RRbanner.jpg

August 11, 2006

Why I hope the NSA/Al Qaida doesn't read my blog

liquidsonaplanethumb.jpg I'm flying again on Monday, so naturally I've been busy parsing the latest carry-on restrictions. My favorite part is that there will be a second search when boarding the plane to make sure that passengers don't bring on any beverages they may have purchased inside the terminal.

Now, I understand the logic — if not the efficacy — of banning outside liquids, but ones that you actually purchase at the airport itself? If somebody is selling liquid explosives at the airport newsstand, I would think the thing to do would be to make them stop, not to let people buy them as long as they don't get on the plane. [Update: Me and my big mouth.] Or is the point that it's OK to have a deadly liquid explosive in the terminal itself, where it can do absolutely no harm? If they trust me with a bottle of water in a crowd at the gate, why do they suddenly not trust me in that same crowd on the airplane?

Of course, this points to a blindspot not only of the TSA, but of the terrorists. Hello? What is your obsession with getting onto a plane, which requires all that sneaking past security stuff? Take a look at these photos of people packed together trying to check in. Half of them are probably busy dumping out the liquids they packed accidentally. No one would notice if you mixed your little cocktail right there with them and took out the whole concourse without having to go through security or anything. I mean, come on!

Related: "That liquid may be volatile. Let me pour it into this bucket with all this other potentially volatile liquid."

Posted by Daniel Radosh

Comments

I know what you mean. I'm constantly in situations where I'm thinking, "This place would make such an effective and simple target. Why go to all that trouble?" In fact, there's one very popular location that I think would make a perfect terrorist target (extremely easy to hit, high casualty rates, would create mass hysteria, and have a huge economic impact) but I won't reveal it here, because I'm sure the bad guys are trolling blog comments looking for ideas.

Huckapoo's dressing room?

Are you saying they should CLOSE the Napalm Julius in DFW? Because them's fightin' words.

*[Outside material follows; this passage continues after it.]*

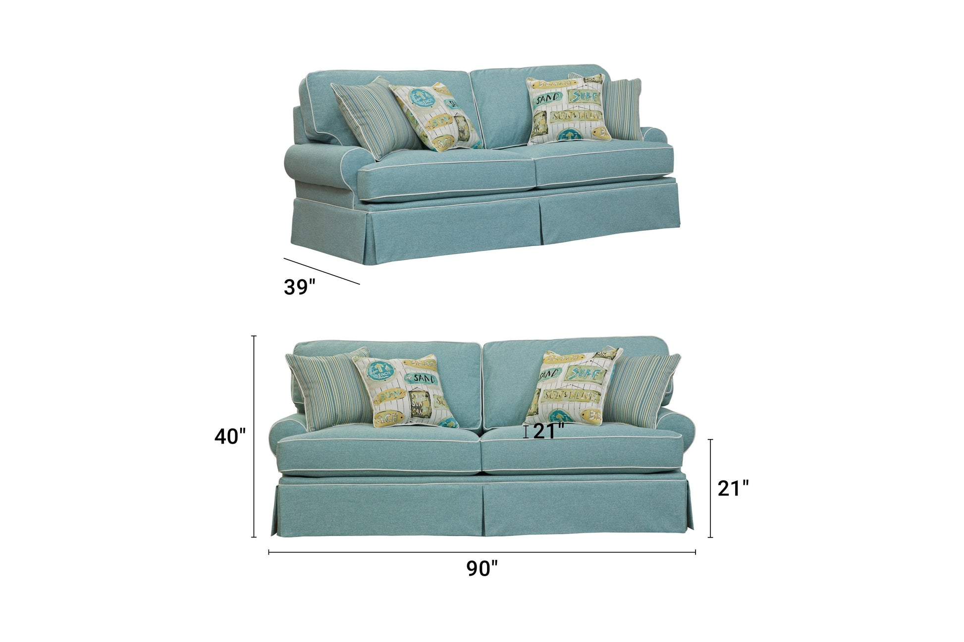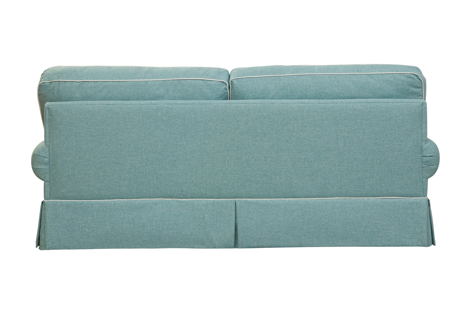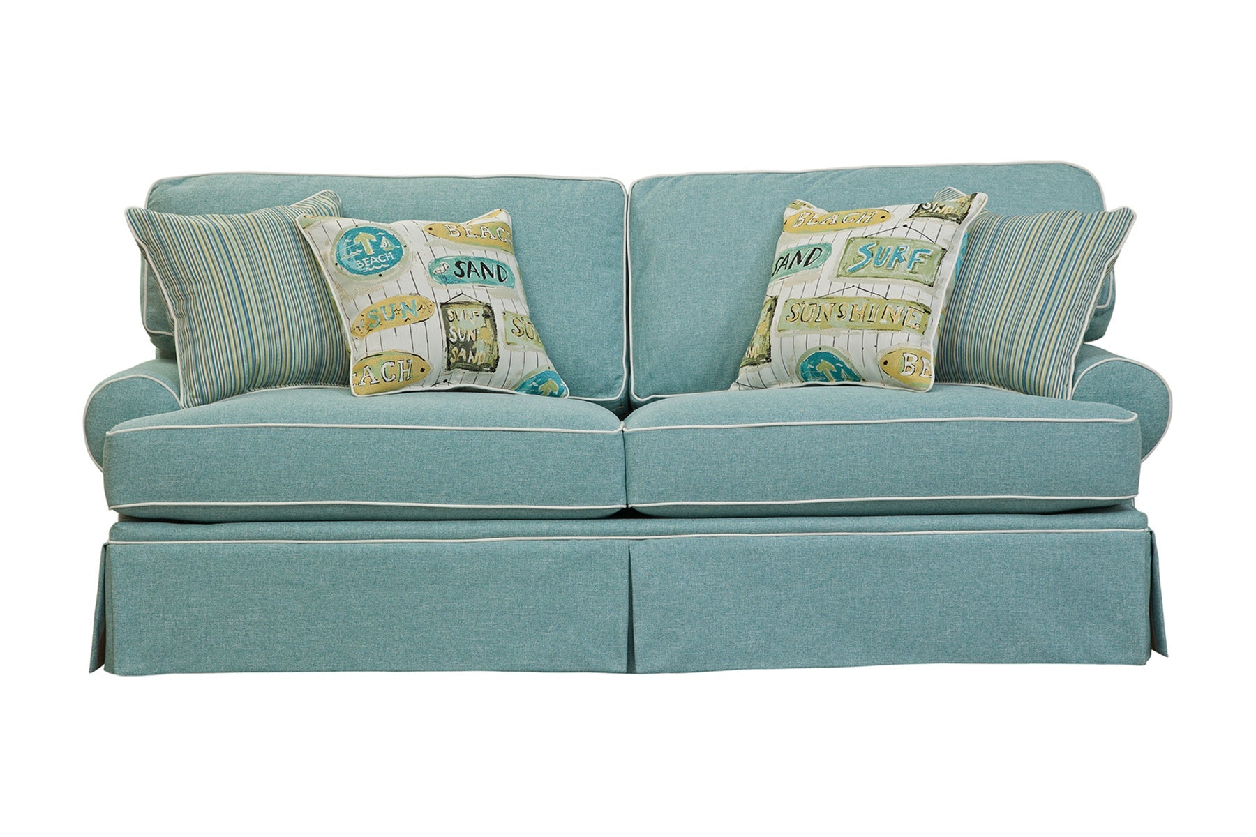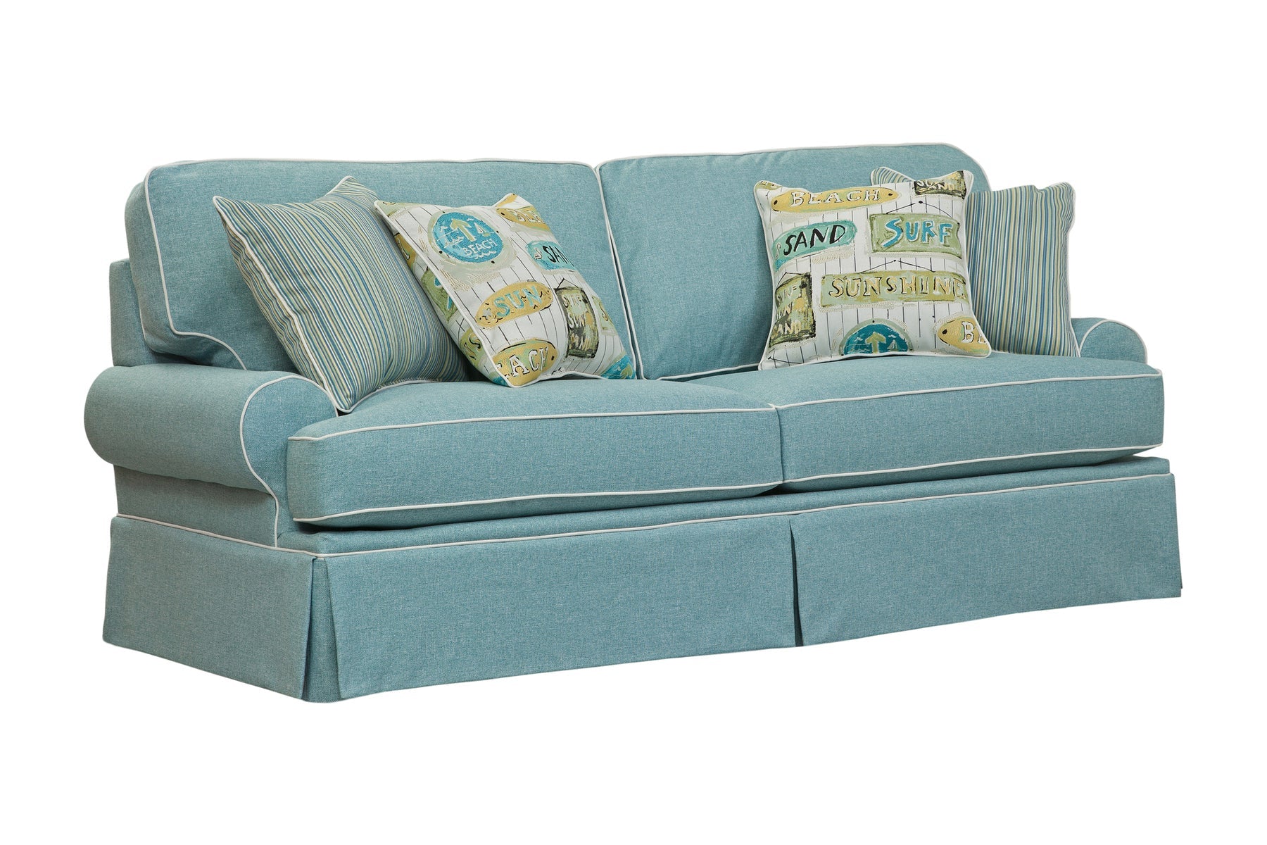 This sofa is from our updated traditional collection. A beautiful aqua color with ivory contrast welt in a coastal theme. Classic round arm sofa with reversible two over two seat and back cushions for wear and tear. This group has a tailored skirt. The fabric has the look of a woven natural linen using a durable poly blend. Accent pillows in a beach pattern on an ivory background are the perfect compliment. Sure to add a touch of elegance to your room. Perfectly tailored with an attention to detail. This large sofa seats three people.

(Coincidental bot-check note: "Liquidate comment spam by typing the first letter of this sentence.")

Good job ... now our pop stars are at risk.

I made a Shakes on a Plane poster the other day.

What would happen if, instead of banning an entire state of matter from planes, they tried (gasp) profiling? I'm throwing this out strictly as a thought experiment, of course, because I'm assuming that these "attackers" are from a broad strata of society.

Omigod, you're right! They're all men aged 17-35. That lets me off the hook by two years, so it's fine with me if they want to frisk everyone who fits that profile -- and I'm sure the suspects will understand that it's necessary to Keep Us Safe.

But wait, you don't think they'd make a mistake and start shaking down 37 year olds too? What if they can't tell the difference between me and the genuinely supsicious 35 year olds?

"They're all men aged 17-35."

Tee hee.

I think Jim meant to say that they're all Capricorns.

Fucking Capricorns.

I see we saw the connection between the upcoming SLJ film and the incident but from somewhat different angles. What I posted was ruminating on why the marketing for the movie didn't jump all over how snakes weren't banned because of the foiled plot. (Sure, they probably were already, but we're talking publicity here.) Poor taste? Of course. Like the probable audience of the movie would be offended.

Were we pretending we lived in an age of good taste?

[And I concur that if the terrorists weren't so focused on planes they could really mess with us.]